What would they do now?
One foxglove. Just one last foxglove.
‘A girl plucked a flower and hundreds are going to die…’ Shaji’s prediction of doom echoed around the room in the still silence.
‘Dhruv!’ Asha’s voice pierced into his consciousness. ‘How disgusting! Wake up, Dhruv!’
He groaned and opened his eyelids, only to shut them again as a shaft of light sent slivers of pain shooting into his pupils and straight onto his skull.
He recognized the hangover for what it was and tried to tune out Asha’s voice from his hazy mind.
‘You didn’t even remove your shoes, Dhruv!’ She moved around the room, drawing the blinds, dusting the bedcovers around him and tugging the sheets from under his deadbeat form. ‘Couldn’t you have gotten out of your suit and shoes before tumbling into bed?’
Dhruv pulled himself out of the King sized cot and sidled over towards the washroom. He was going to be sick again. When had he finally returned home last night? 1 AM? He couldn’t be sure. He recalled plopping into bed, in the semi-darkness, next to Asha’s supine form…

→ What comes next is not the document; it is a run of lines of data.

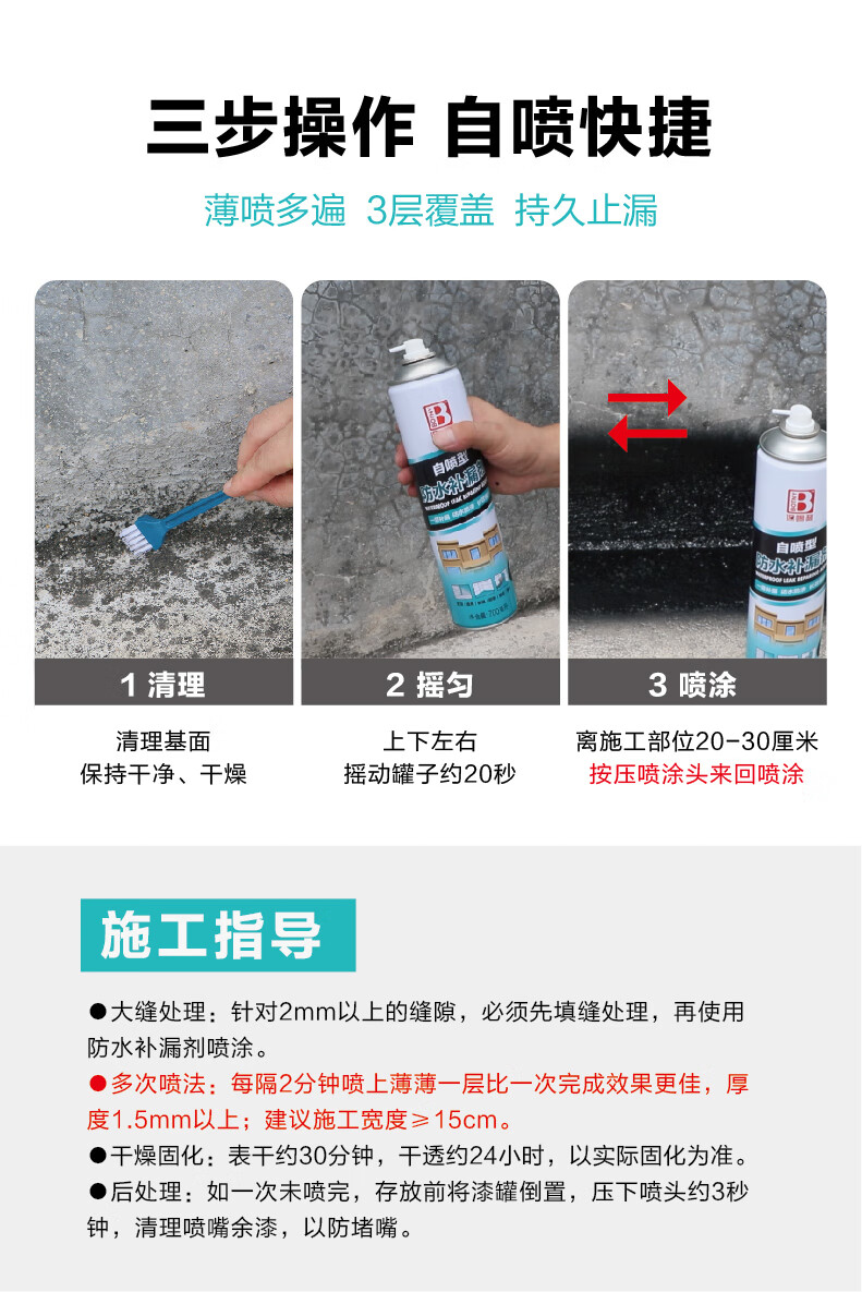 对于2mm以上的缝隙,建议先进行填缝处理,再使用防水补漏剂喷涂。
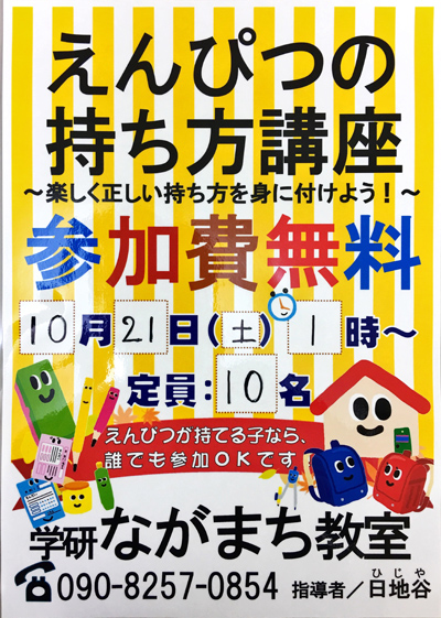 10月に各教室で「えんぴつの持ち方講座」を行います。
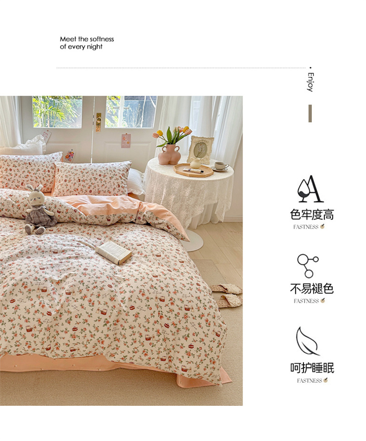 (总)优彩 2025新款全棉40支水洗棉水果刺绣系列四件套,蜜桃,葡萄
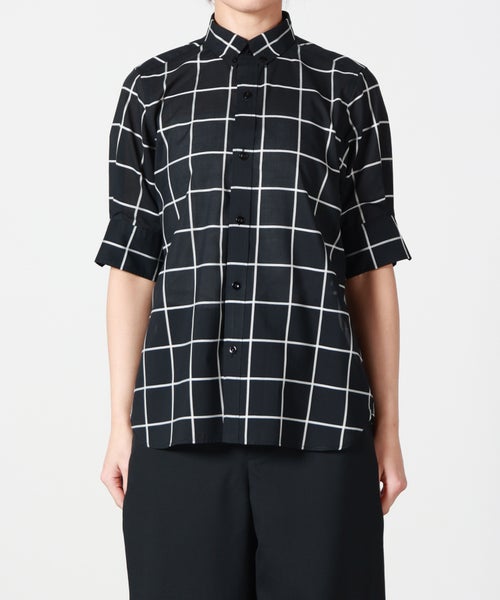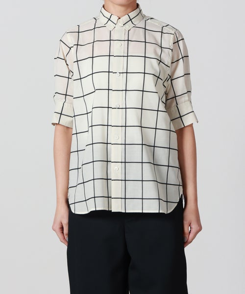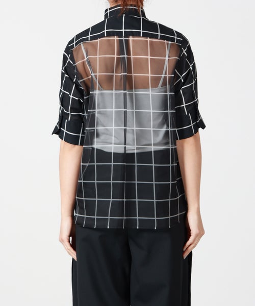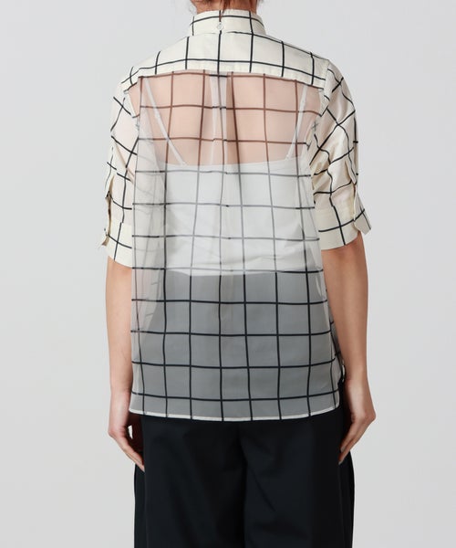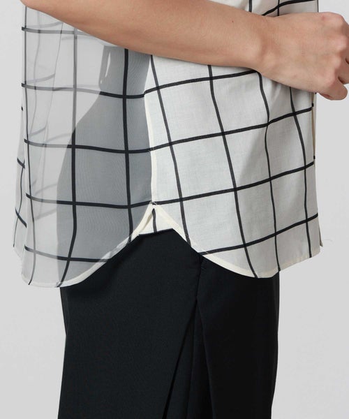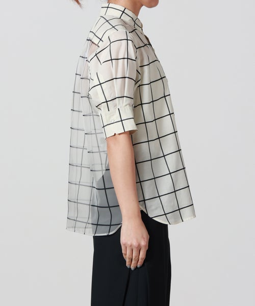 4. 【HYKE(ハイク)】 SHEER BACK WINDOWPANE SHORT SLV BLOUSE
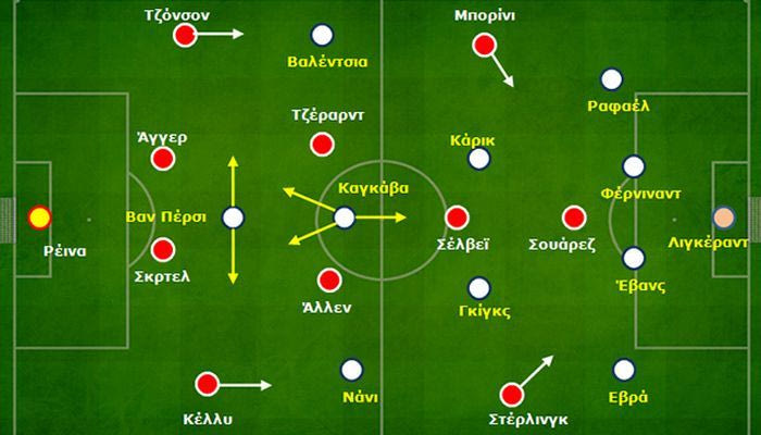 -Ο Καγκάβα έπαιξε τον ρόλο του «πασπαρτού» σε όλο το μήκος του άξονα καλύπτοντας μέτρα του Γκιγκς ενώ βοήθησε , όταν χρειάστηκε , τον Βαν Πέρσι στην επίθεση.

He vaguely remembered parking his Audi in the garage, because the driver had left for home after waiting for him till 11 PM last night. How had he even driven himself home from the institute? It was only ten minutes away from his bungalow when the traffic was light, but then…what a miracle he was still alive, given his state of mind, he thought, just before he threw up violently into the basin.

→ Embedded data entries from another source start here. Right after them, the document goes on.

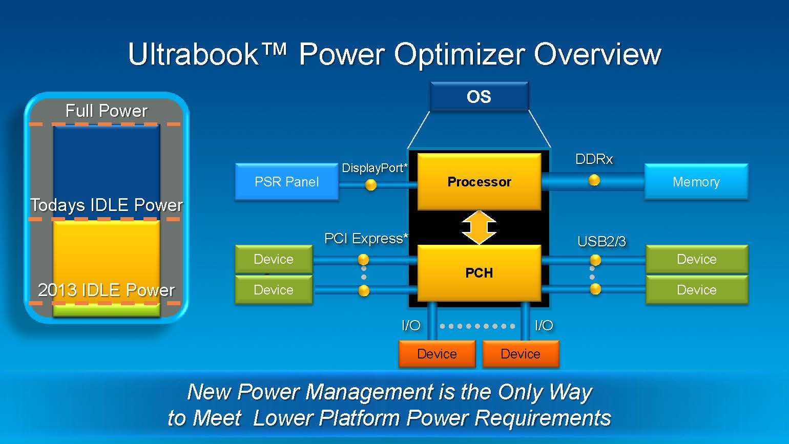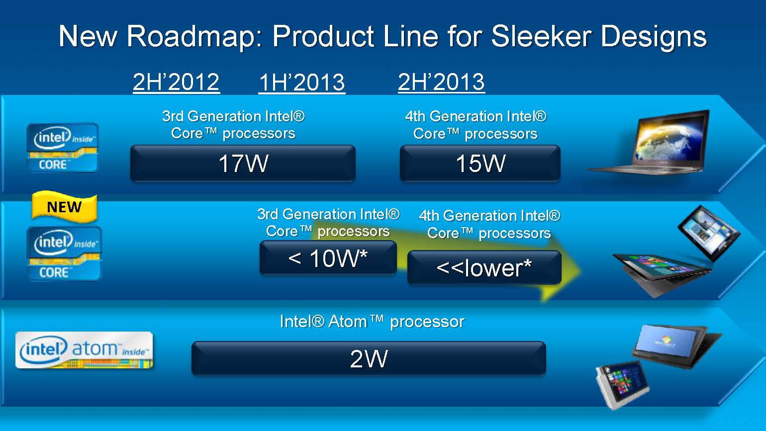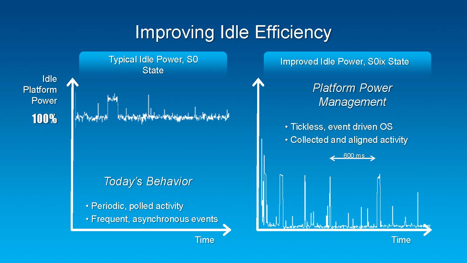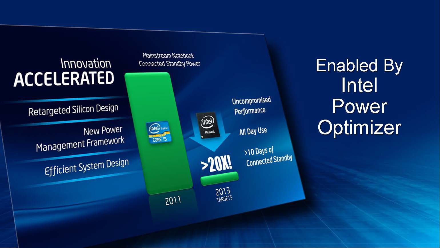 Bei den CPUs kündigt Intel für seine 4. Generation der Intel Core-CPUs mit Codename Haswell neben der bisher bekannten Thermal Design Power (TDP) von 15 Watt auch SKUs mit einer TDP von weniger als 10 Watt an. Hierfür krempelt Intel die Stromsparmechanismen der Chips und Treiber gehörig um. So soll der Energieverbrauch im Connected Standby (CS) mit Haswell insgesamt um den Faktor 20 sinken und Akkulaufzeiten von bis zu 10 Tagen (CS) erlauben.
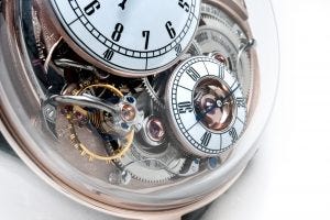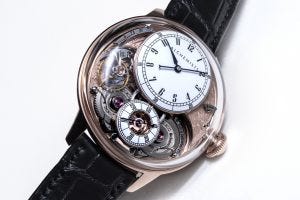 In two words – Philippe Dufour. Well, not the master himself who does the work, but watchmakers that he trained in the traditional arts of finishing, and whose work is overseen and approved by him. Well that got your attention didn’t it? And might account for the relatively high asking price of 214,107 CHF for a time only watch.
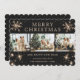 Sparkly Black Snowflake Modern Photo Collage Holiday Card
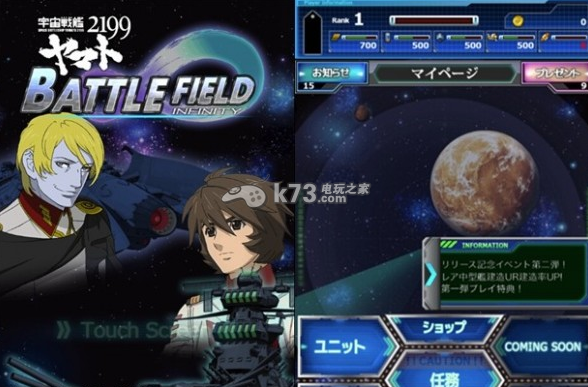 《宇宙战舰大和号2199:无尽战场》(宇宙戦艦ヤマト2199 BATTLE FIELD INFINITY)是小日本Yamato Crew游戏公司刚制作完成并上架的一款模拟战略手机游戏,游戏采用提同名动漫,在日本动画界有着元祖级作品称号的《宇宙战舰大和号》是上世纪70~80年代的一款作品,对于这样一款已经全部完结的游戏作品,终于在12年的时候更新了全新的《宇宙战舰大和号2199》。
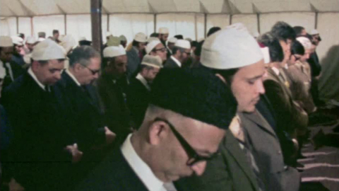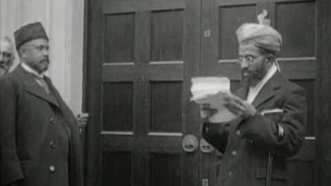 The UK's first purpose-built mosque welcomes a huge crowd of worshippers - and newsreel cameras!
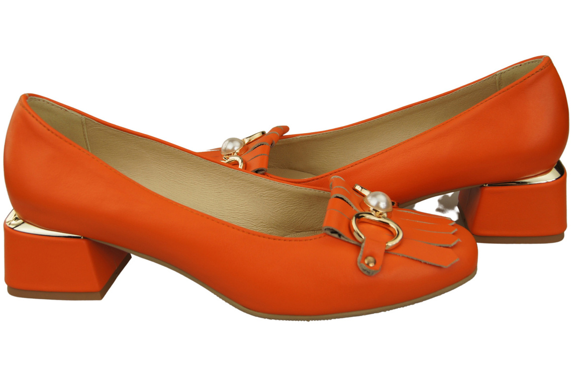 Damenschuhe Pumps verziert mit Fransen Orange Naturleder 195 ElitaBut

‘You know how much I hate it, when you do this on Thursday mornings, Dhruv…’ Asha continued her rant, raising her voice to make herself heard above the din of his torment. ‘Especially when we have our weekly SaiBaba puja too…’
Dhruv heaved again, coughing out the remnants of last night’s distress-binge.
‘You barely notice the trouble I take over the decorations,’ Asha continued. ‘And what is that bell-like flower I found on the top of your car, Dhruv? It’s so cute, a perfect yellow too, the maid found it when she went to sweep the garage this morning and brought it in because it is so pretty…’ she almost smiled as she turned towards the washroom, only to face the door, which had been shut firmly on her face. She heard the sound of running water and realized that Dhruv had long since begun his shower.
Asha sighed and left the bedroom. She headed to the kitchen and placed some kheer into a silver bowl for the ritual offering. She entered the puja room and placed the kheer in front of the idol. She smiled benignly, as she rearranged the soft yellow-orange petals of the bell on Sai Baba’s head and proceeded to open her prayer books to begin her chants.